[Instructions for the task]
All pictures are to be excluded when the data below is output verbatim.
__________
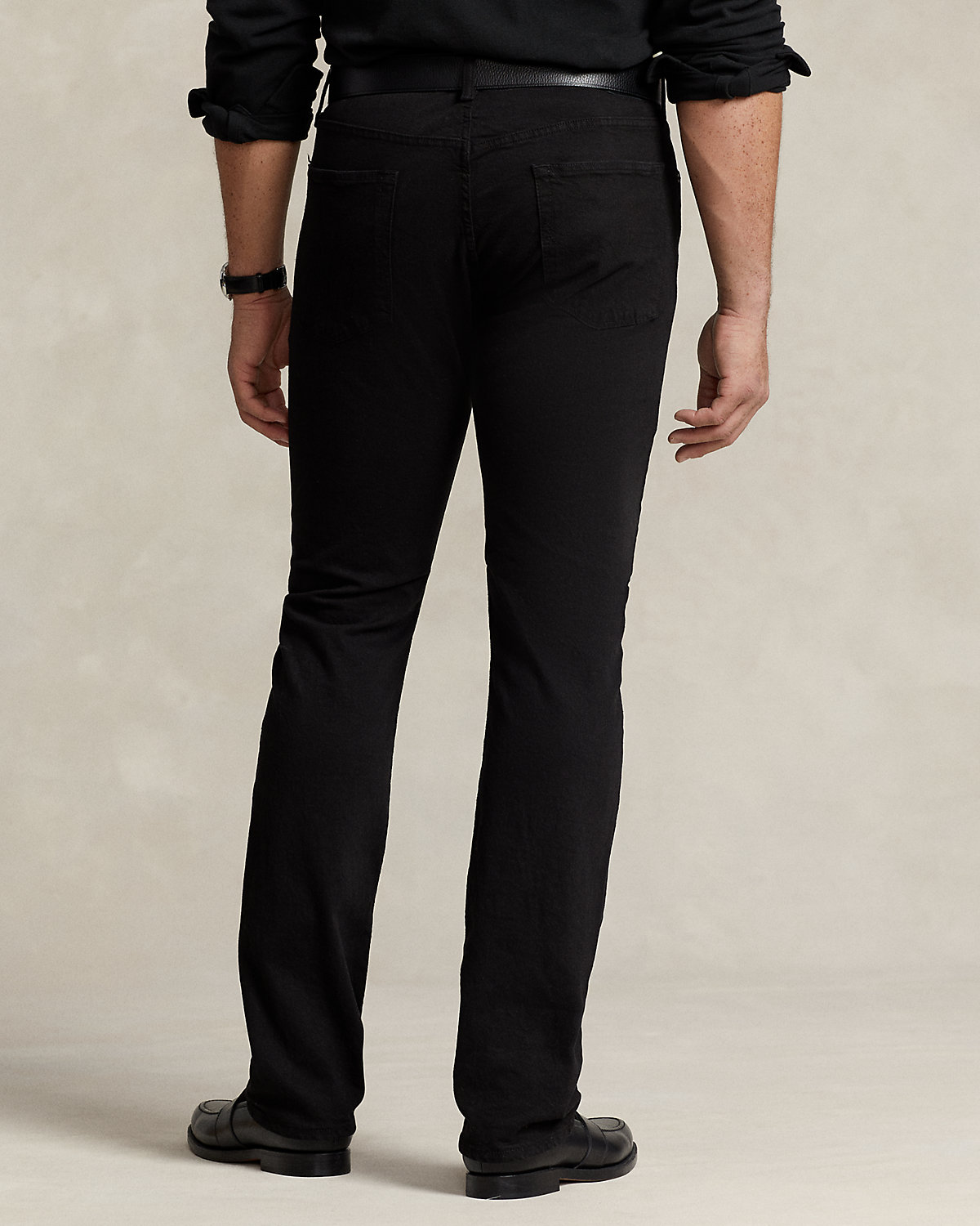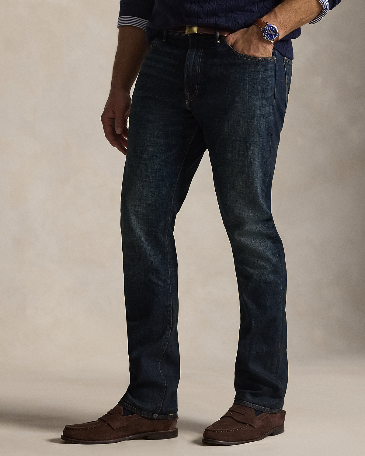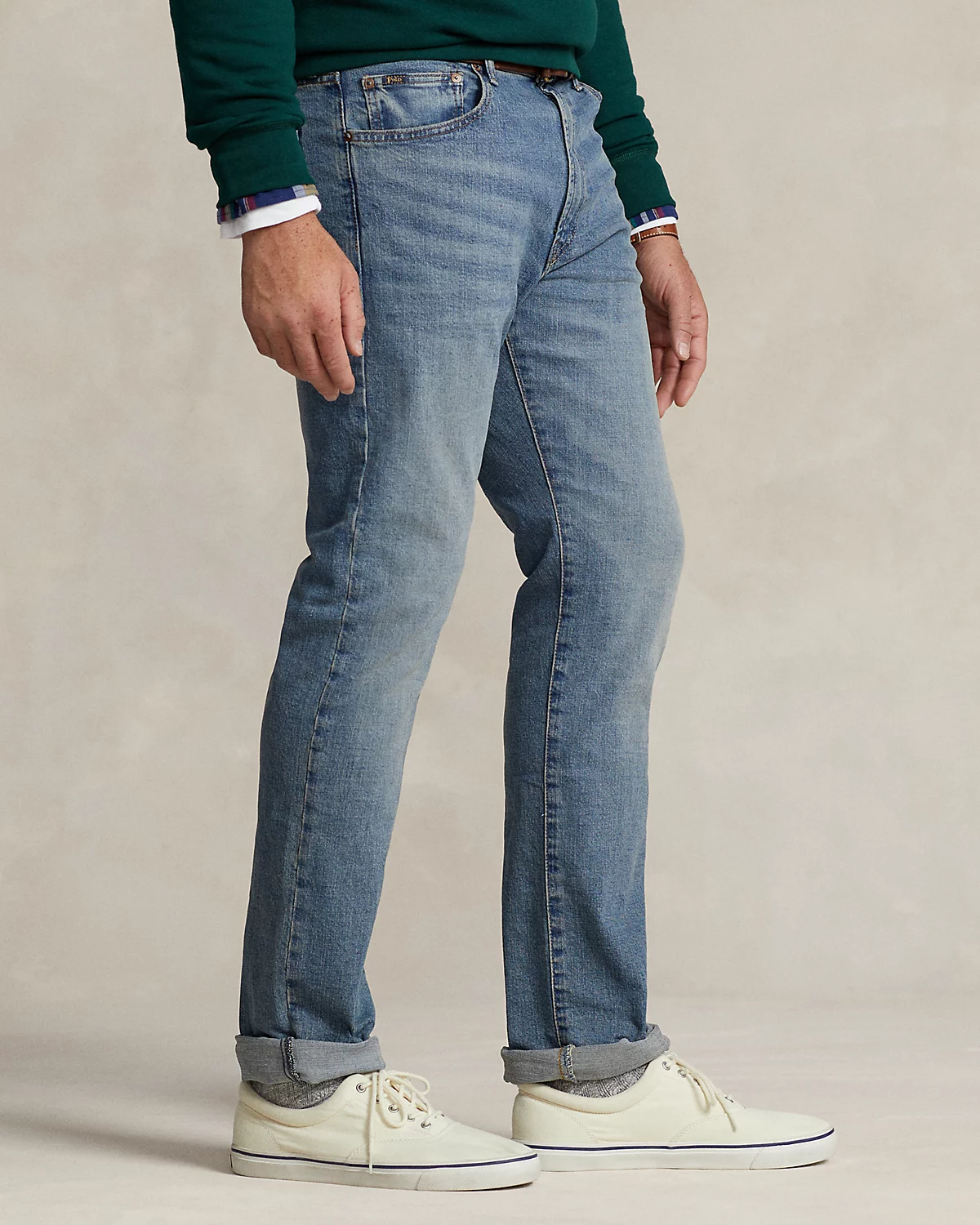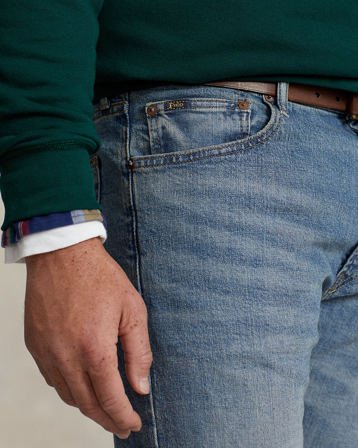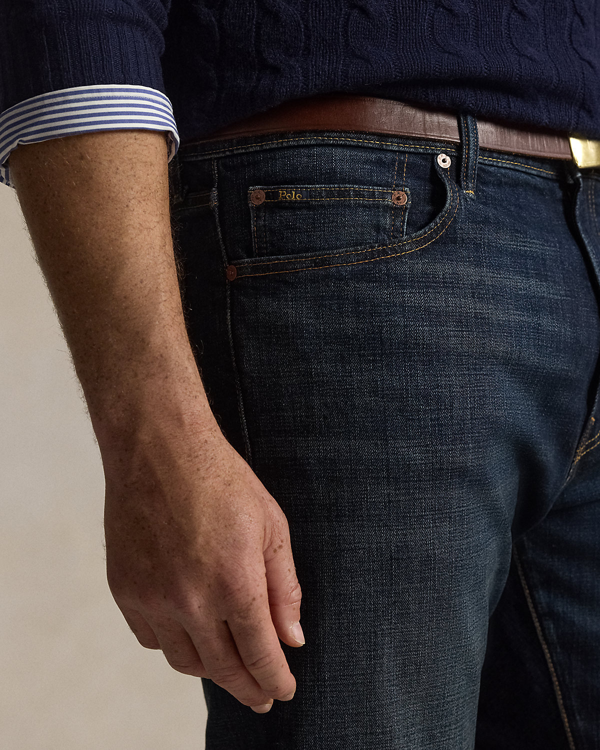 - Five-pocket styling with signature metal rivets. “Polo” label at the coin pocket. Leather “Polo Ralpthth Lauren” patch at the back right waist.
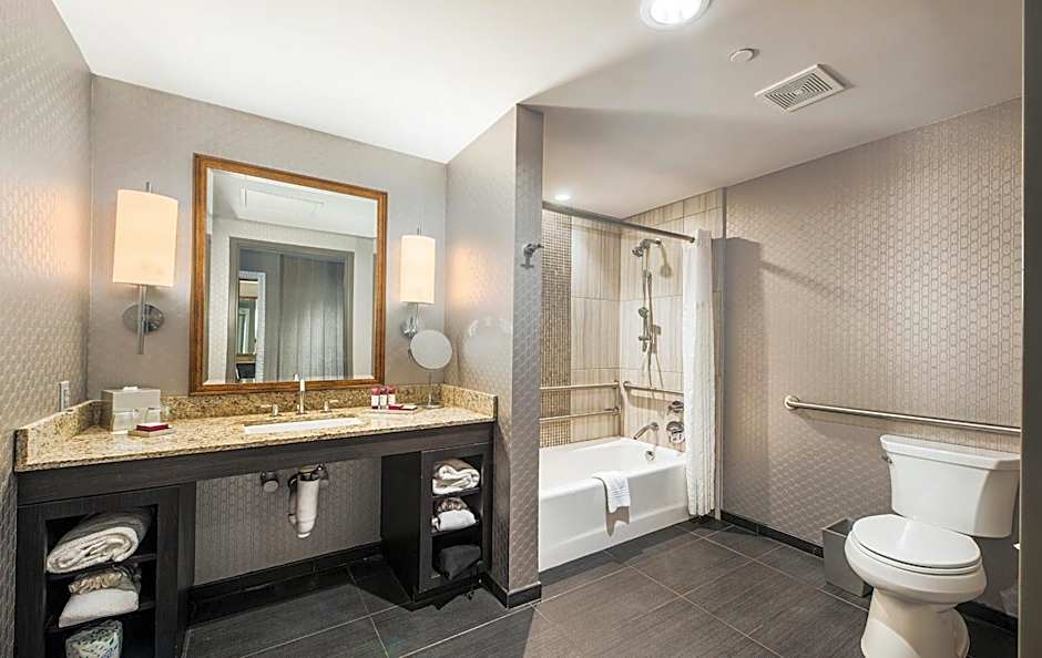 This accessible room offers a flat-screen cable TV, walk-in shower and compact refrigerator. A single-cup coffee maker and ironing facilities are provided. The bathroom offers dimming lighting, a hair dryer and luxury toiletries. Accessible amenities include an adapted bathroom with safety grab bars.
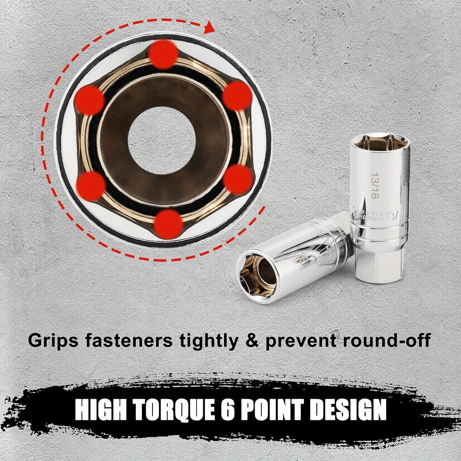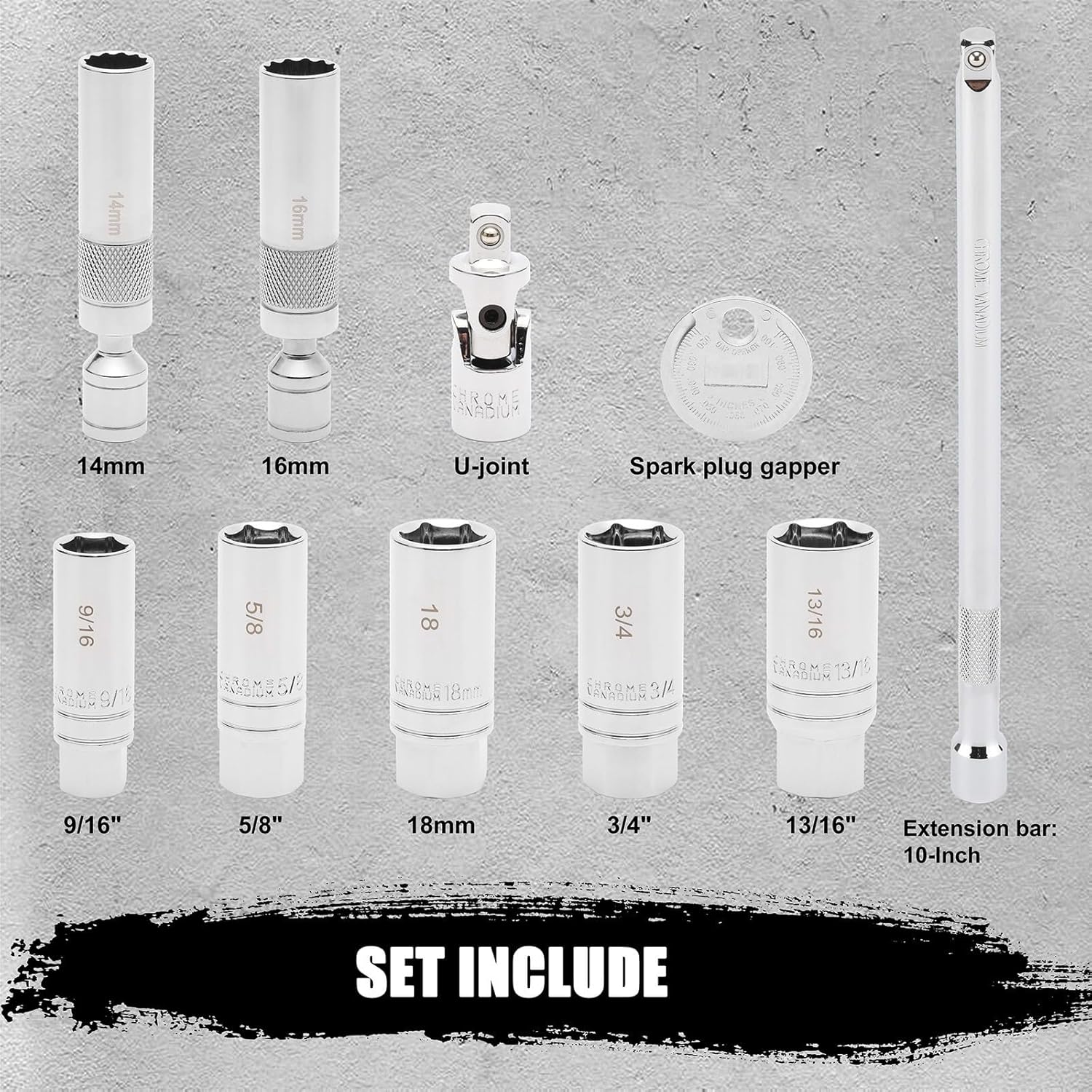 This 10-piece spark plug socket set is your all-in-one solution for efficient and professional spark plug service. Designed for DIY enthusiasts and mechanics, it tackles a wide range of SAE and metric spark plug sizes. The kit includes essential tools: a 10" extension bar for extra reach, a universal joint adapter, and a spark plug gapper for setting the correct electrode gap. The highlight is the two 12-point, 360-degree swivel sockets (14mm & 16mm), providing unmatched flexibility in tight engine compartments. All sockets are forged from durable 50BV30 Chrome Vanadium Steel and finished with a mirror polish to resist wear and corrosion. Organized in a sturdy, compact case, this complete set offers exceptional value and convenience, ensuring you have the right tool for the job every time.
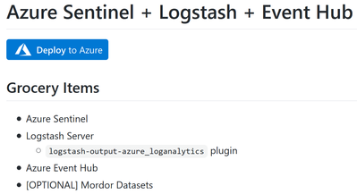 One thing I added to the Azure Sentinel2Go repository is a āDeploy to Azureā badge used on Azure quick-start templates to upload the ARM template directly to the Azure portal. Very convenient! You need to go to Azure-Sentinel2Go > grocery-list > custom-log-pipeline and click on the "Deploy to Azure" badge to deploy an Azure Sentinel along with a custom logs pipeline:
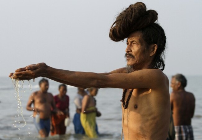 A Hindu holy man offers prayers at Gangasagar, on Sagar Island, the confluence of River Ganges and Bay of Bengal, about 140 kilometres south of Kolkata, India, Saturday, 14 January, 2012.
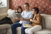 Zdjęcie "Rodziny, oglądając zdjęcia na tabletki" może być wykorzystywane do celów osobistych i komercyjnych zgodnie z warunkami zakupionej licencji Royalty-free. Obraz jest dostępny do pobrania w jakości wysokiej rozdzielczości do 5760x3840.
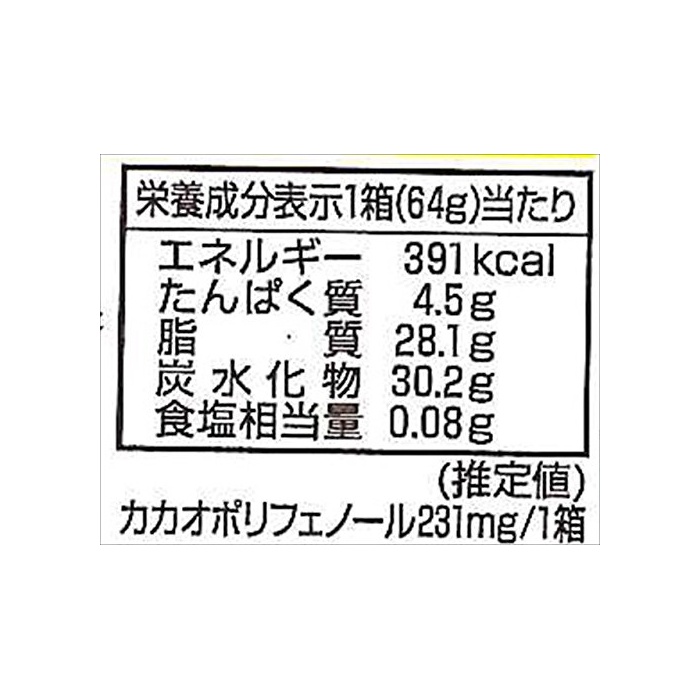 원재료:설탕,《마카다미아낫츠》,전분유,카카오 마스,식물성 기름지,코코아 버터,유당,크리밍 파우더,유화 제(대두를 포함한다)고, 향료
__________
[Expected answer]
 - Five-pocket styling with signature metal rivets. “Polo” label at the coin pocket. Leather “Polo Ralpthth Lauren” patch at the back right waist.
 This accessible room offers a flat-screen cable TV, walk-in shower and compact refrigerator. A single-cup coffee maker and ironing facilities are provided. The bathroom offers dimming lighting, a hair dryer and luxury toiletries. Accessible amenities include an adapted bathroom with safety grab bars.
 This 10-piece spark plug socket set is your all-in-one solution for efficient and professional spark plug service. Designed for DIY enthusiasts and mechanics, it tackles a wide range of SAE and metric spark plug sizes. The kit includes essential tools: a 10" extension bar for extra reach, a universal joint adapter, and a spark plug gapper for setting the correct electrode gap. The highlight is the two 12-point, 360-degree swivel sockets (14mm & 16mm), providing unmatched flexibility in tight engine compartments. All sockets are forged from durable 50BV30 Chrome Vanadium Steel and finished with a mirror polish to resist wear and corrosion. Organized in a sturdy, compact case, this complete set offers exceptional value and convenience, ensuring you have the right tool for the job every time.
 One thing I added to the Azure Sentinel2Go repository is a āDeploy to Azureā badge used on Azure quick-start templates to upload the ARM template directly to the Azure portal. Very convenient! You need to go to Azure-Sentinel2Go > grocery-list > custom-log-pipeline and click on the "Deploy to Azure" badge to deploy an Azure Sentinel along with a custom logs pipeline:
 A Hindu holy man offers prayers at Gangasagar, on Sagar Island, the confluence of River Ganges and Bay of Bengal, about 140 kilometres south of Kolkata, India, Saturday, 14 January, 2012.
 Zdjęcie "Rodziny, oglądając zdjęcia na tabletki" może być wykorzystywane do celów osobistych i komercyjnych zgodnie z warunkami zakupionej licencji Royalty-free. Obraz jest dostępny do pobrania w jakości wysokiej rozdzielczości do 5760x3840.
 원재료:설탕,《마카다미아낫츠》,전분유,카카오 마스,식물성 기름지,코코아 버터,유당,크리밍 파우더,유화 제(대두를 포함한다)고, 향료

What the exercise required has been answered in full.